## ASSIGNMENT
Look below for the line with "Áo Thun Ôm Ngắn Ta..." and the line with "木箱、引き出し用つまみ、桐カ". Copy exactly those two lines and every line between, but not the pictures.
++++ RECORDS TO PROCESS ++++
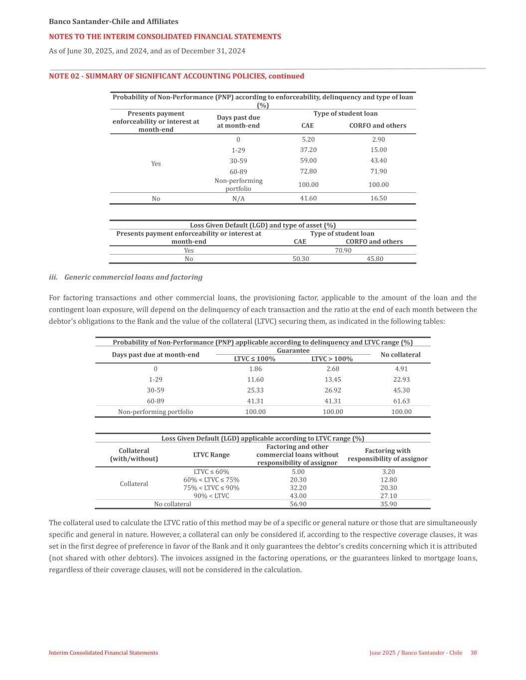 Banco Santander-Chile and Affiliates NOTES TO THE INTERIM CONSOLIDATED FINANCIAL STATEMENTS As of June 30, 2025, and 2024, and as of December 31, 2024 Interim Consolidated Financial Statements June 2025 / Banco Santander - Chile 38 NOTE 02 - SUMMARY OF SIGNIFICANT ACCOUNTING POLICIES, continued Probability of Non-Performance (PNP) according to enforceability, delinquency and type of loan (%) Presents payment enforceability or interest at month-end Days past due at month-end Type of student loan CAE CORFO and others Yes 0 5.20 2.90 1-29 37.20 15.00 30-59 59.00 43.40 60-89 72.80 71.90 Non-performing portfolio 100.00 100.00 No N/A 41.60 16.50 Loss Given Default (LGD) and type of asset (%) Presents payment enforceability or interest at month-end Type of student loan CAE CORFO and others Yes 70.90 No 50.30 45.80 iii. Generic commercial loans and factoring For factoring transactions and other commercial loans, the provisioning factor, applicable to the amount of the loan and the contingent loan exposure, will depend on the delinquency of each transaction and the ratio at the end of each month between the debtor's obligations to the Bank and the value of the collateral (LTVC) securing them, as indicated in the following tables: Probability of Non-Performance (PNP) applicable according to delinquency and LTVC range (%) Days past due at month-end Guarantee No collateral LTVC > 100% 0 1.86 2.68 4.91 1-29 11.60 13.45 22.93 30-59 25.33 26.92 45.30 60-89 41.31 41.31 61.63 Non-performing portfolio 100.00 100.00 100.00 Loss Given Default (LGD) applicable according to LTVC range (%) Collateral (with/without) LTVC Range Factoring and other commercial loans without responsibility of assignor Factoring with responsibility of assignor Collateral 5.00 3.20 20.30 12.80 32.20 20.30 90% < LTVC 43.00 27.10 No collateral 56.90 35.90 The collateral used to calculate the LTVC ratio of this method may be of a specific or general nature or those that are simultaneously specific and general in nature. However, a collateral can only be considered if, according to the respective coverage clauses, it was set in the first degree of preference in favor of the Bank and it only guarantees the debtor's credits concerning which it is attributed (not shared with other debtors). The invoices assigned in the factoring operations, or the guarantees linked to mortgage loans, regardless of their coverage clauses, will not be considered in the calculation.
++++
++++ RECORDS TO PROCESS ++++
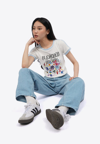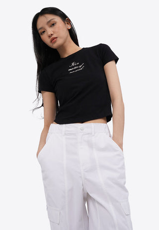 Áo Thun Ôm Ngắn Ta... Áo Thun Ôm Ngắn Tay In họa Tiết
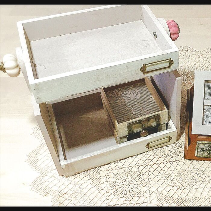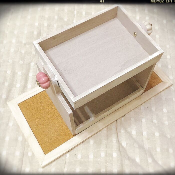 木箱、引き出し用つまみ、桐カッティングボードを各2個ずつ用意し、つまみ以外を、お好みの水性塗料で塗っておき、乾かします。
++++
## OUTPUT
 Áo Thun Ôm Ngắn Ta... Áo Thun Ôm Ngắn Tay In họa Tiết
 木箱、引き出し用つまみ、桐カッティングボードを各2個ずつ用意し、つまみ以外を、お好みの水性塗料で塗っておき、乾かします。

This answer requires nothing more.